Thursday, September 18, 2008

The Housing Crisis Origins

The Housing Crisis Origins

Dr. John Lott has a piece that appeared on FoxNews.com on September 18, 2008
, that explains some of the origins of the current housing crisis. At some of the items that he mentions I have seen verified in other places:
The stock market has fallen dramatically from its peak a year ago. The Dow Jones Industrial Average has declined by about 25 percent, a significant drop, though not anywhere near as large as the 36 percent drop that occurred over two months from August to October 1987. Few would argue, though, that the financial market is not in a mess.

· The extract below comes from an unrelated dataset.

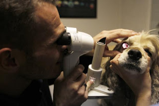(Un vétérinaire spécialisé en ophtalmologie, examine l'oeil d'un chien, le 30 novembre 2010 à la clinique à Paris. JOEL SAGET)

Meanwhile the economy has kept growing. In the second quarter of this year from April to June, GDP grew at a fairly fast 3.3 percent. For the first half of this year GDP has grown at about 2.2 percent, near the historical average. Obviously some sectors of the economy have been doing well, while others, such as housing, have been in a real mess.
With the government takeover of Freddie Mac and Fannie Mae as well as other bankruptcies in the financial sector, there are a lot of questions. The strangest fact is that the housing sector is having such problems when the economy otherwise has been doing well. Why have there been so many defaults when the economy has not been in a recession? Defaults have been at historically high rates despite reasonable economic growth and a relatively low unemployment rate of 6.1 percent.
Some, such as James H. Carr, the CEO of the National Community Reinvestment Coalition, argue that the high default rates are a result of "unfair and deceptive practices, steering customers to high price loans . . . High upfront payments made it so that they couldn't later pay their mortgages."
Surprisingly, research done by economists a decade ago in 1998, particularly by Professors Ted Day and Stan Liebowitz at the University of Texas at Dallas, predicted the current problems and tried to warn people of a different cause. Starting during the early 1990s, mortgage-underwriting standards have been consistently weakened. Many of the names involved in the forefront of those changes, Freddie Mac and Fannie Mae as well Countrywide and Bear Stearns, , have been the most prominent financial entities to become insolvent.
Others did not share these economists' concerns. The Wall Street Journal quoted Congressman Barney Frank in 2003 as criticizing Greg Mankiw, chairman of President Bush's Council of Economic Advisers, "because he is worried about the tiny little matter of safety and soundness rather than ‘concern about housing.'"
The changes in underwriting standards were pushed to accomplish what many called a "noble goal" -- an increase in home ownership among poor and minority Americans -- but the changes created a time bomb that was set off as soon as property values began to decline. The new rules involved eliminating verification of income or assets, little assurance of the ability to pay the mortgage, and virtually eliminating down payments.